## The data
◇ ◇ ◇ ◇

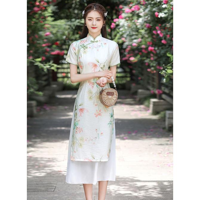 チャイナドレス ベトナム アオザイ ロング レディース チャイナ服 アオザイ 7分袖 ステージ衣装 ドレス 結婚式 おしゃれ コスプレ コスチューム花柄 チャイナ風 ワンピース チャイナ服 コスプレ衣装 パーティードレス ハロウィン 結婚式 披露宴オシャレ 30代40代
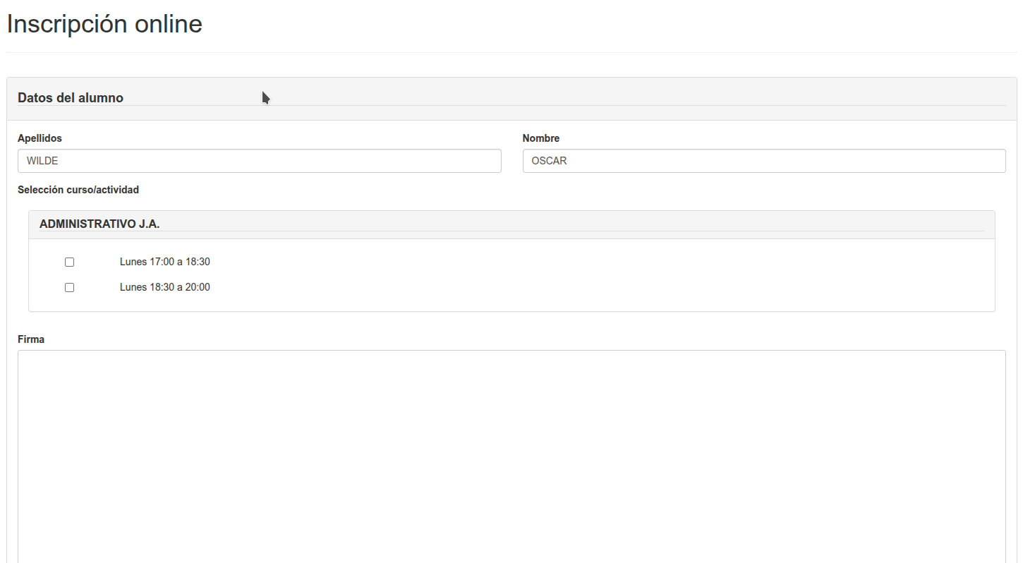 Ahora podemos hacer que los alumnos actuales, mediante un enlace con un token identificativo, vean una inscripción 100% personalizada, con sus datos cubiertos y, lo más importante, con una selección de cursos basada en lo que el sistema recomienda según lo último que hayan cursado en la academia.
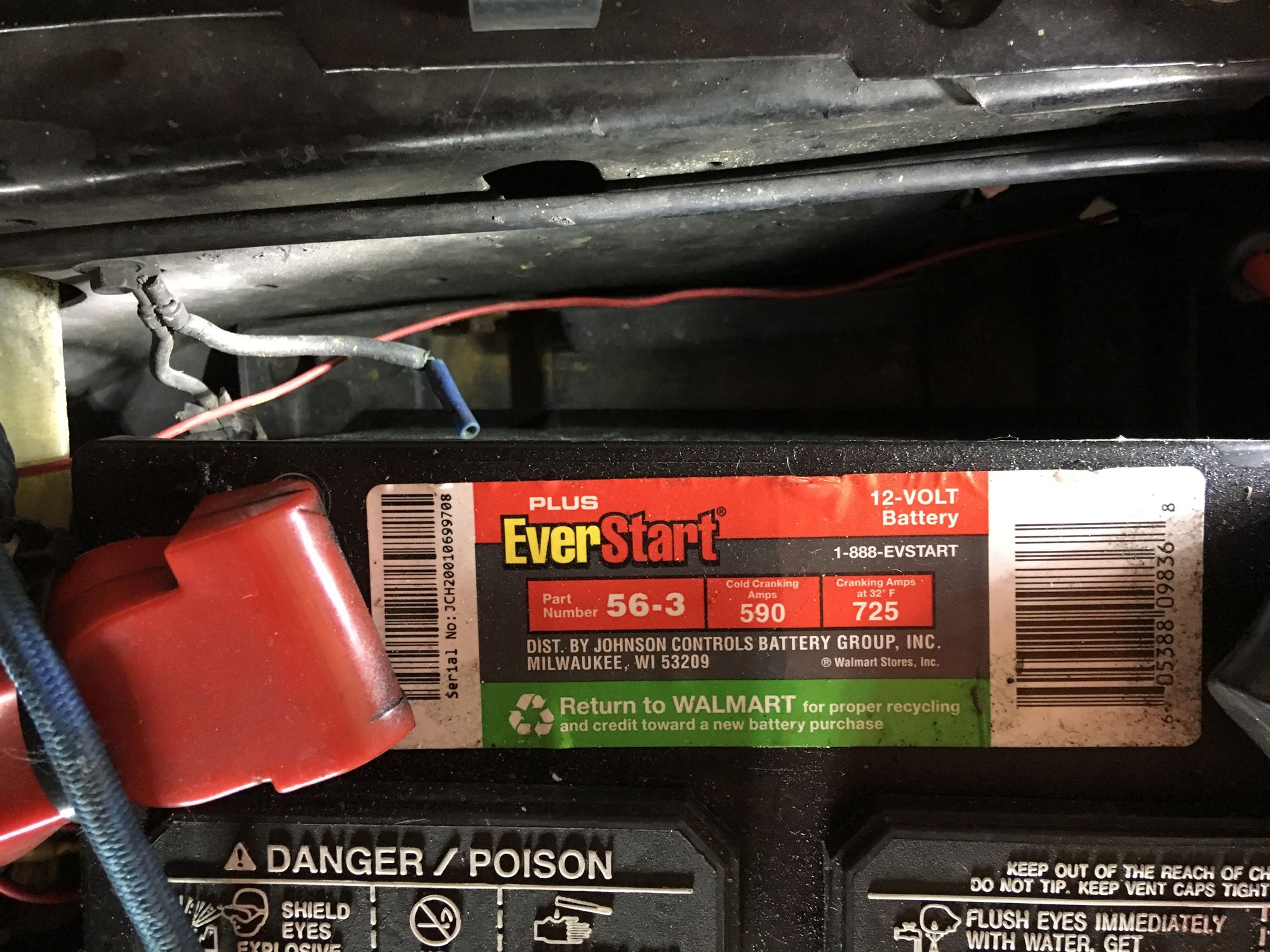 The small red wire running behind the battery was put there by me years ago hook up a device that needed a small amount of power and it's hooked up to the positive terminal.

◇ ◇ ◇ ◇

## What to work on
Output the data exactly as it appears. The pictures do not belong in it.

## Task answer
 チャイナドレス ベトナム アオザイ ロング レディース チャイナ服 アオザイ 7分袖 ステージ衣装 ドレス 結婚式 おしゃれ コスプレ コスチューム花柄 チャイナ風 ワンピース チャイナ服 コスプレ衣装 パーティードレス ハロウィン 結婚式 披露宴オシャレ 30代40代
 Ahora podemos hacer que los alumnos actuales, mediante un enlace con un token identificativo, vean una inscripción 100% personalizada, con sus datos cubiertos y, lo más importante, con una selección de cursos basada en lo que el sistema recomienda según lo último que hayan cursado en la academia.
 The small red wire running behind the battery was put there by me years ago hook up a device that needed a small amount of power and it's hooked up to the positive terminal.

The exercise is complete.